UAs SHOULD provide users a way to manage their CPKs. Ideally, there would be a way for a user to maintain their HOBA details for a site while at the same time deleting other site information such as cookies or non-HOBA HTML5 LocalStorage. However, as this is likely to be complex and appropriate user interfaces counter intutitive, we expect that UAs that implement HOBA will likely treat HOBA information as just some more site data, that would disappear should the user choose to "forget" that site.

8.2. localStorage Security for Javascript

The use of localStorage (likely with a non-WebCrypto implementation of HOBA-js) will undoubtedly be a cause for concern. localStorage uses the same-origin model which says that the scheme, domain and port define a localStorage instance. Beyond that, any code executing will have access to private keying material. Of particular concern are XSS attacks which could conceivably take the keying material and use it to create UAs under the control of an attacker. But XSS attacks are in reality across the board devastating since they can and do steal credit card information, passwords, perform illicit acts, etc, etc. It's not clear that we introduce unique threats from which clear text passwords don't already suffer.

Another source of concern is local access to the keys. That is, if an attacker has access to the UA itself, they could snoop on the key through a javascript console, or find the file(s) that implement localStorage on the host computer. Again it's not clear that we are worse in this regard because the same attacker could get at browser password files, etc too. One possible mitigation is to encrypt the keystore with a password/pin the user supplies. This may sound counter intuitive, but the object here is to keep passwords off of servers to mitigate the multiplier effect of a large scale compromise ala LinkedIn because of shared passwords across sites.

It's worth noting that HOBA uses asymmetric keys and not passwords when evaluating threats. As various password database leaks have shown, the real threat of a password breach is not just to the site that was breached, it's all of the sites a user used the same password on too. That is, the collateral damage is severe because password reuse is common.

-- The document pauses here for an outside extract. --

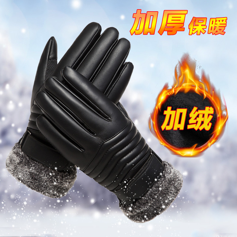 メーカー直供男性電車pu皮タッチパネル手袋ベルベット保温防寒手袋秋冬屋外自転車手袋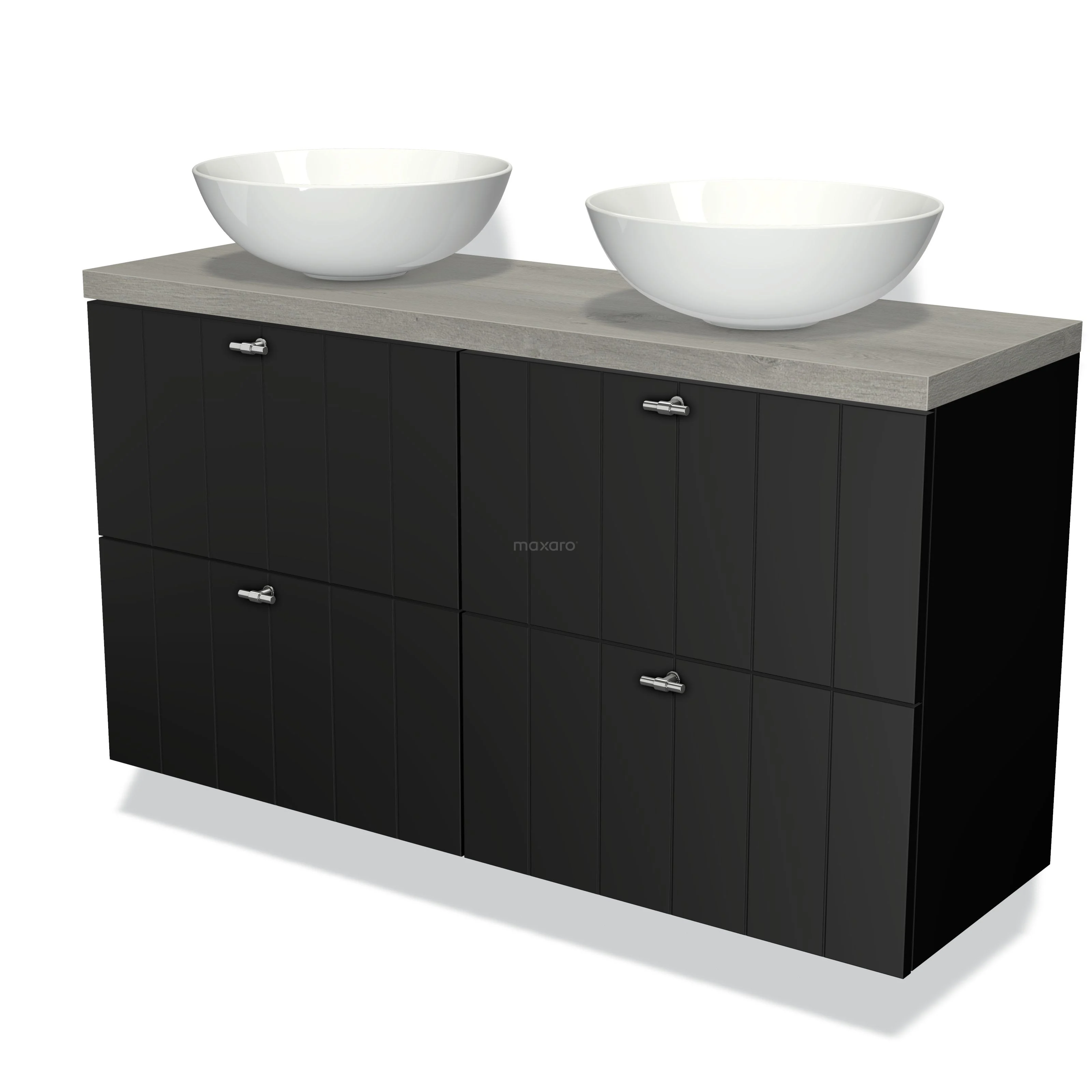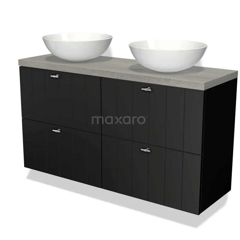 Modulo Plato Slim Badmöbel mit Aufsatzwaschbecken | 120 cm Matt Schwarz Lamelle front Graue Eiche blatt 4 Schubladen

Storing a password in localStorage would also have a similar multiplier effect for an attacker, though perhaps on a smaller scale than a server-side compromise: one successful crack gains the attacker potential access to hundreds if not thousands of sites the user visits. HOBA does not suffer from that attack multiplier since each asymmetric key pair is unique per site/UA/user.

8.3. Multiple Accounts on One User Agent

A shared UA with multiple accounts is possible if the account identifier is stored along with the asymmetric key pair binding them to one another. Multiple entries can be kept, one for each account, and selected by the current user. This, of course, is fraught with the possibility for abuse, since a server is potentially enrolling the device for a long period and the user may not want to have to be responsible for the credential for that long. To alleviate this problem, the user can request that the credential be erased from the browser. Similarly, during the enrollment phase, a user could request that the key pair only be kept for a certain amount of time, or that it not be stored beyond the current browser session.

8.4. Injective Mapping for HOBA-TBS

The repeated length fields in the HOBA-TBS structure are present in order to ensure that there is no possibility that the catenation of different input values can cause confusion that might lead to an attack, either against HOBA as specified here, or else an attack against some other protocol that re-used this to-be-signed structure. Those fields ensure that the mapping from input fields to the HOBA-TBS string is an injective mapping.

9. IANA Considerations

IANA is requested to make registrations and create new registries as described below.

For all new registries requested by this document, please place those beneath a new "HTTP Origin-Bound Authentication (HOBA) Parameters" category.

9.1. HOBA Authentication Scheme

Please register a new scheme in the HTTP Authentication Scheme Registry registry as follows:

Authentication Scheme Name: HOBA

Pointer to specification text: Section 3 of [[ this document ]]

Notes (optional): The HOBA scheme can be used with either HTTP servers or proxies. When used in response to a 407 Proxy Authentication Required indication, the appropriate proxy authentication header fields are used instead, as with any other HTTP authentication scheme.

9.2. .well-known URI

Please register a new .well-known URI in the Well-Known URIs registry as described below.

URI suffix: hoba

Change controller: IETF

Specification document(s): Section 6 of [[ this document ]]

Related information: N/A

9.3. Algorithm Names

Please create a new HOBA signature algorithms registry as follows, with the specification required rule for updates. New HOBA signature algorithms SHOULD be in use with other IETF standards track protocols before being added to this registry.

            
Number       Meaning                                       
-----------  --------------------------------------------  
0            RSA-SHA256 
1            RSA-SHA1
          

RSA is defined in Section 8.2 of [RFC3447], and SHA-1 and SHA-256 are defined in [SHS].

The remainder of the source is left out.